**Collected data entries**

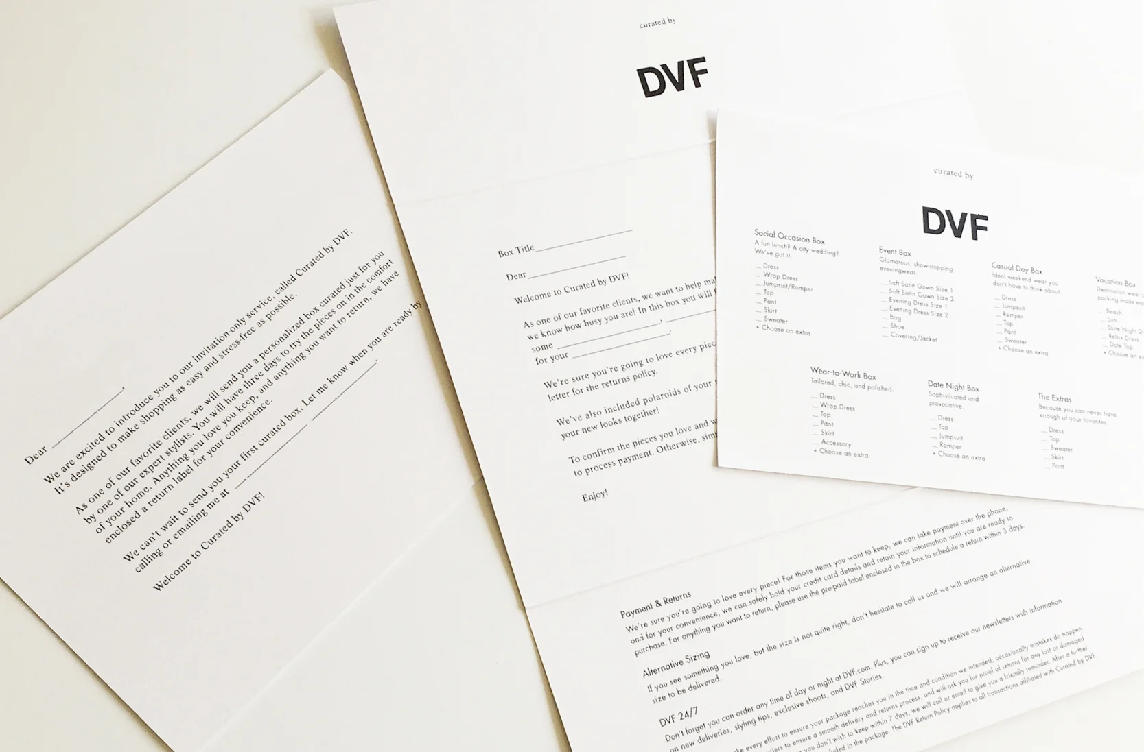 Curated by DVF is an invitation only subscription program offered to top clients of Diane to create an easy and stress-free shopping experience. The packaging program includes a postcard, note pad, and envelope mailed to clients, as well as a box of clothing specifically curated for the clients themselves by our DVF store stylists.
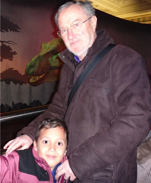 Sylvain et son Papy devant le T-Rex animé du musée d’Histoire Naturelle de Londres (06/02/2015).
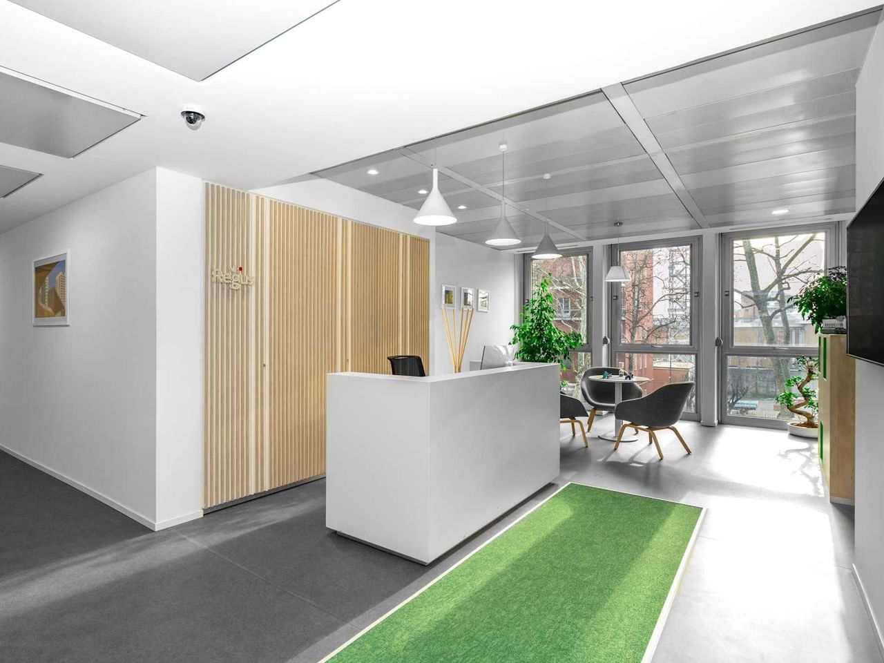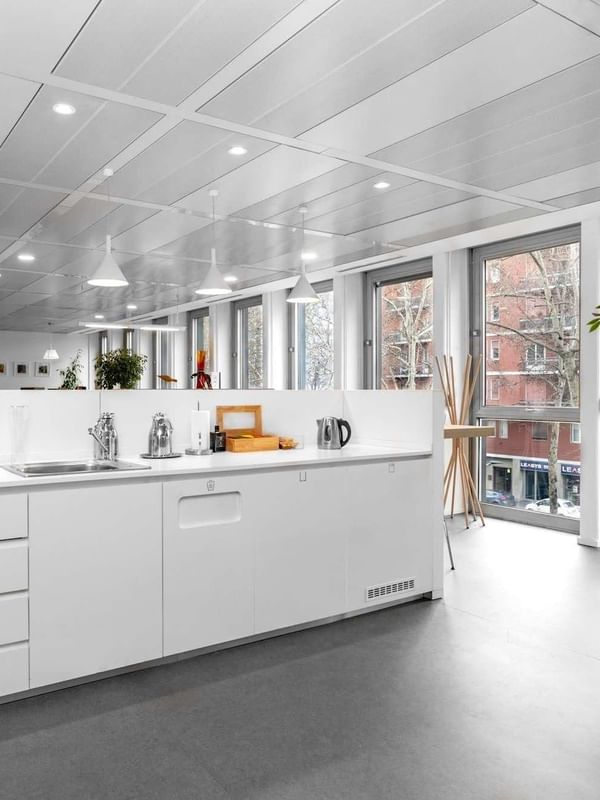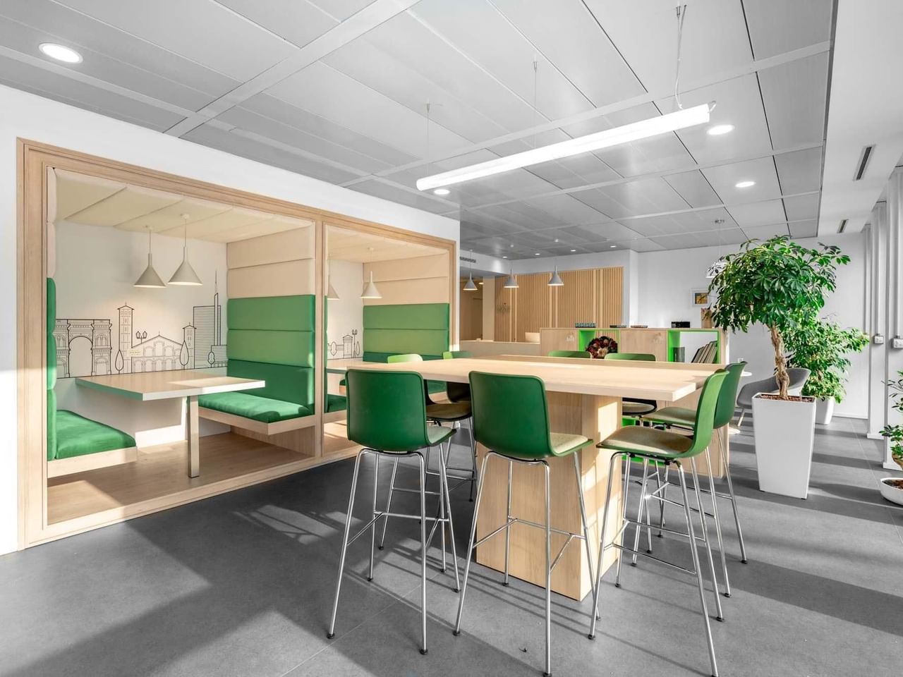 Trabalhe com muita luz natural neste espaço de trabalho moderno e luminoso, com toques de verde que ecoam os belos parques de Milão.
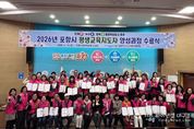 파이낸셜대구경북 기자 | 포항시는 지난 10일 평생학습원 소강당에서 수료생 44명을 대상으로 ‘2026년 포항시 평생교육지도자 양성과정’ 수료식을 가졌다. 이번 교육은 지난 3월 18일부터 4월 10일까지 총 15회(45시간)에 걸쳐 진행됐다. 교육 과정은 ▲평생교육 및 평생교육지도자 이해 ▲마을 평생교육 프로그램 기획 및 운영 ▲평생학습도시 비교 견학 등 실무 역량 강화에 중점을 두고 전문 인력을 양성하는 체계적인 과정으로 구성됐다. 이날 수료식에는 조현미 평생학습원장, 박진숙 평생교육과장, 김용재 평생교육지도자협의회장 등이 참석해 수료생들을 축하했으며, 전체 수료생 44명을 대표해 최설옥 씨가 수료증을 받았다. 조현미 평생학습원장은 “지속가능한 평생학습도시 조성을 위해서는 현장에서 발로 뛰는 지도자들의 역할이 무엇보다 중요하다”며 “앞으로도 민·관 협력을 통해 교육 소외계층 해소에 노력하고 마을 단위 평생학습이 활성화될 수 있도록 적극 지원하겠다”고 말했다. 한편, 포항시 평생교육지도자협의회는 민간 주도의 평생학습 활성화를 위해 찾아가는 동경대학 운영, 민·관·군 행복학습센터 운영
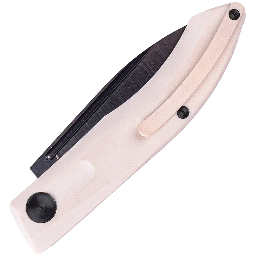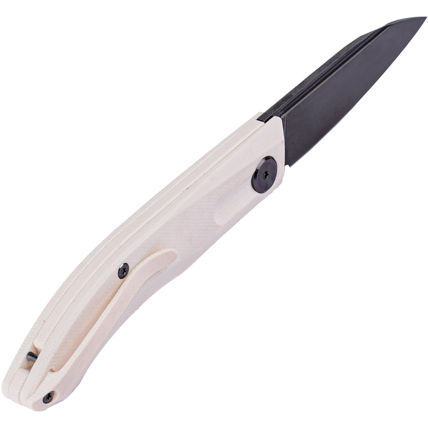 4″ (10.16cm) closed. 3″ (7.62cm) black DLC coated K110 tool steel blade. Ivory G10 handle. Pocket clip. Slip joint. Boxed.
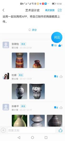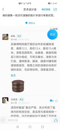 课前环节。我主要借助于超星学银在线的课程教学视频,课前让员工完成视频观看,对经典设计作品进行审美感知和初步审美鉴赏,讨论并上传学习通,对员工的审美鉴赏进行评价打分。同时,以任务驱动的方式,每个小组分配不同的课中讨论问题并准备课件;介绍与课程内容有关的虚拟仿真实验和相关APP,让员工利用虚拟仿真实验沉浸式地体验传统工艺流程;推荐玩陶吧APP小程序等,让员工自己烧制个性化陶瓷器,激发员工学习兴趣,为有效课堂教学做充分的准备。
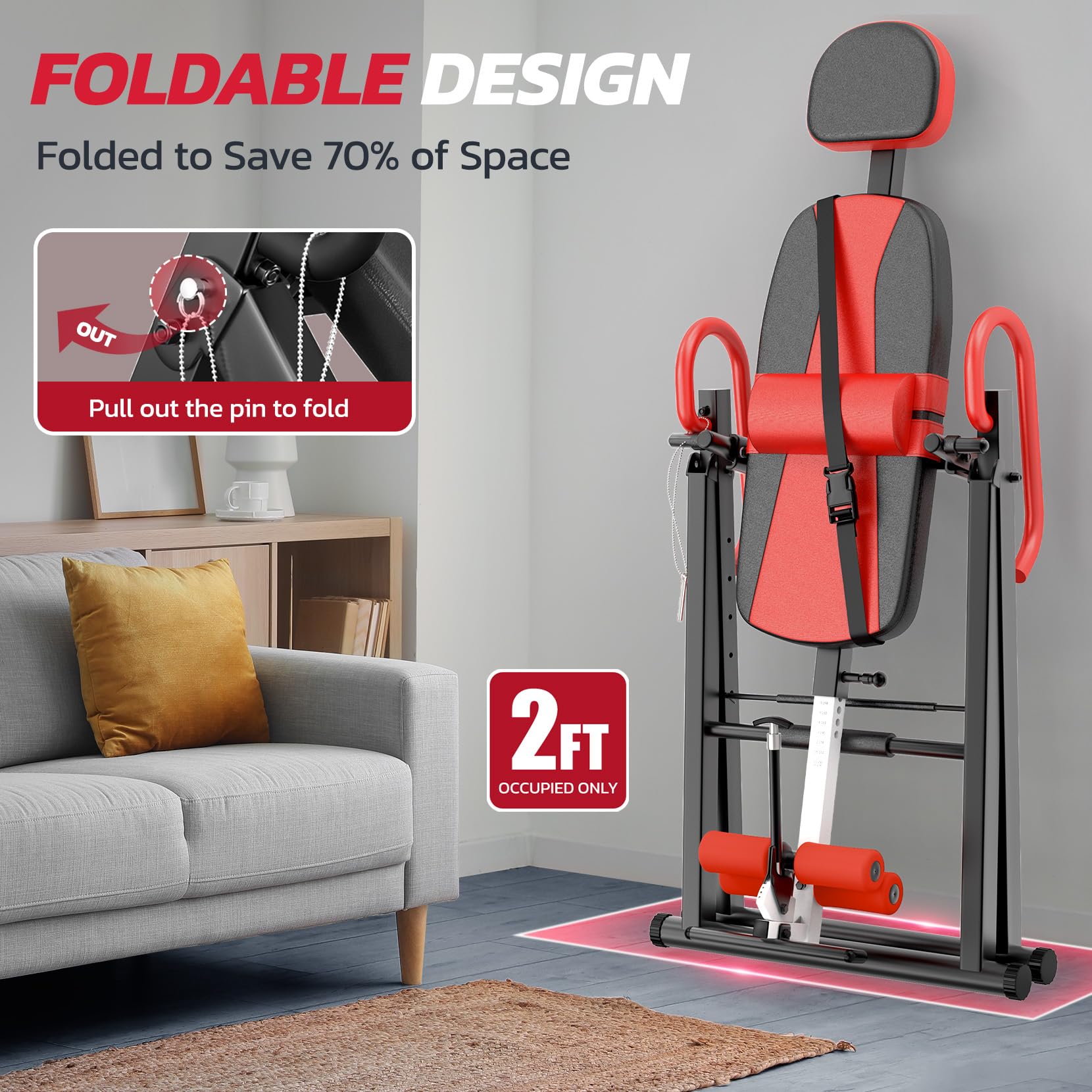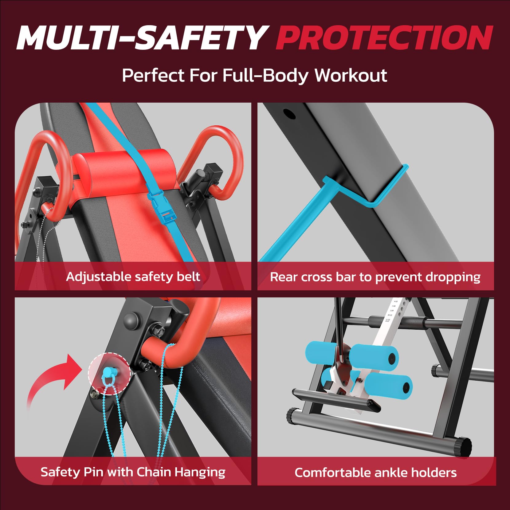 • Adjustable Inversion Table: 6 Angle position adjustable rear cross bar for easy inversion angle adjustment eliminates the typical strap system, and the safety belt are also adjustable, in order to accommodate more users 4ft-10in to 6ft-6in in height.

**Exercise directions**
When you reach the line containing "Sylvain et son" in the entries above, begin restating word for word, and stop once the line containing "파이낸셜대구경북 기자 |" has been given. Omit the pictures.

**The completed task**
 Sylvain et son Papy devant le T-Rex animé du musée d’Histoire Naturelle de Londres (06/02/2015).
 Trabalhe com muita luz natural neste espaço de trabalho moderno e luminoso, com toques de verde que ecoam os belos parques de Milão.
 파이낸셜대구경북 기자 | 포항시는 지난 10일 평생학습원 소강당에서 수료생 44명을 대상으로 ‘2026년 포항시 평생교육지도자 양성과정’ 수료식을 가졌다. 이번 교육은 지난 3월 18일부터 4월 10일까지 총 15회(45시간)에 걸쳐 진행됐다. 교육 과정은 ▲평생교육 및 평생교육지도자 이해 ▲마을 평생교육 프로그램 기획 및 운영 ▲평생학습도시 비교 견학 등 실무 역량 강화에 중점을 두고 전문 인력을 양성하는 체계적인 과정으로 구성됐다. 이날 수료식에는 조현미 평생학습원장, 박진숙 평생교육과장, 김용재 평생교육지도자협의회장 등이 참석해 수료생들을 축하했으며, 전체 수료생 44명을 대표해 최설옥 씨가 수료증을 받았다. 조현미 평생학습원장은 “지속가능한 평생학습도시 조성을 위해서는 현장에서 발로 뛰는 지도자들의 역할이 무엇보다 중요하다”며 “앞으로도 민·관 협력을 통해 교육 소외계층 해소에 노력하고 마을 단위 평생학습이 활성화될 수 있도록 적극 지원하겠다”고 말했다. 한편, 포항시 평생교육지도자협의회는 민간 주도의 평생학습 활성화를 위해 찾아가는 동경대학 운영, 민·관·군 행복학습센터 운영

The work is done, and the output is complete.